Vsevolod Emilevich Meyerhold, era pseudônimo de Karl Kazimir Theodor Meyerhold, mais conhecido apenas por Meyerhold. Nasceu em 1874, em Penza, na Rússia. Foi um importante encenador, ator e teórico do teatro. Em oposição ao naturalismo teatral, desenvolveu uma técnica de encenação antinaturalista denominada de Biomecânica. Foi a Moscou estudar direito, mas deixou a escola em 1896 e ingressou nas aulas de Vladimir Nemirovich-Danchenko, no Instituto Dramático-Musical da Filarmônica de Moscou. Tendo concluído os estudos formando-se ator, em 1898 foi convidado a se juntar à trupe do recém fundado Teatro de Arte de Moscou - TAM, de Stanislavski, onde trabalhou por quatro anos. Templo do naturalismo e do realismo psicológico, o Teatro de Arte foi a grande escola de Meyerhold, que em 1902 decide percorrer caminhos próprios fundando uma nova trupe, a Sociedade do Drama Novo. Danchenko e Stanislavski
criaram o TAM para escapar e se contrapor ao tradicionalismo teatral de então, aos clichês repetitivos e enfadonhos, às interpretações baseadas na imitação pela imitação, na cópia servil.

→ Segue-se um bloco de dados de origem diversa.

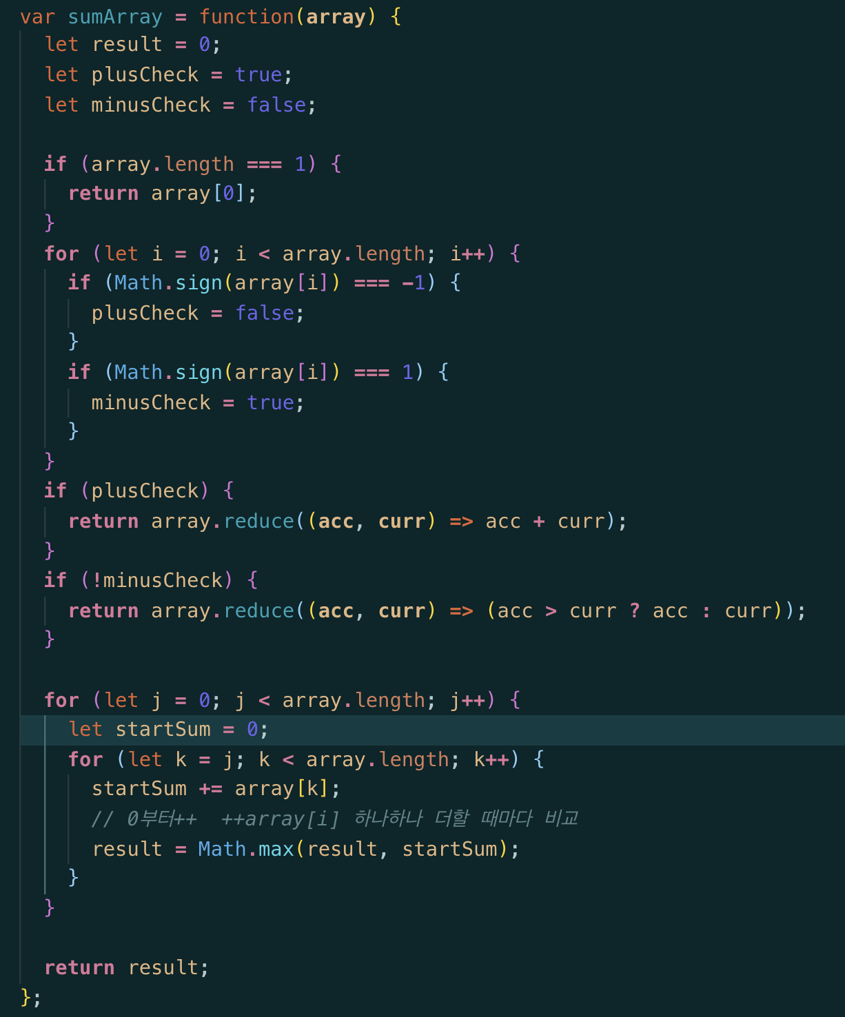 Toy 35번 문제. 배열 내에서 연속된 숫자의 값이 가장 큰 경우를 리턴.

O Ator na Biomecânica, segundo Márcia Lima, pesquisadora das artes cênicas em Brasília:

O ator sobre a cena é como um escultor frente a um pedaço de argila: deve reproduzir em forma sensível, como o escultor, os impulsos e as emoções de sua própria alma. O material do pianista está representado pelos sons de seu instrumento, o do cantor por sua voz, o do ator por seu corpo, a fala, a mímica, os gestos. “A obra interpretada pelo ator representa a forma de sua criação”.

O ator biomecânico é um artista que cultua e exercita a agilidade – do corpo e do raciocínio - o otimismo e a felicidade. Criador simples e despojado prescinde das máscaras naturalistas, dos clichês, disfarces e maquiagem. Este ator encontra-se em um ponto eqüidistante do trabalhador comum que faz teatro e do exímio especialista que nada vê à frente que não seja o teatro. Técnica e consciência de classe tornam o ator de Meyerhold um agente da arte e da história.

O corpo do ator é entendido como mais um objeto de cena, portanto sua disposição em relação ao cenário tem importante papel como elemento de comunicação visual. Por essas razões, outros elementos típicos do teatro de Meyerhold, como a iluminação, cenário e figurino estilizados e antinaturalistas são essenciais para o perfeito funcionamento da biomecânica.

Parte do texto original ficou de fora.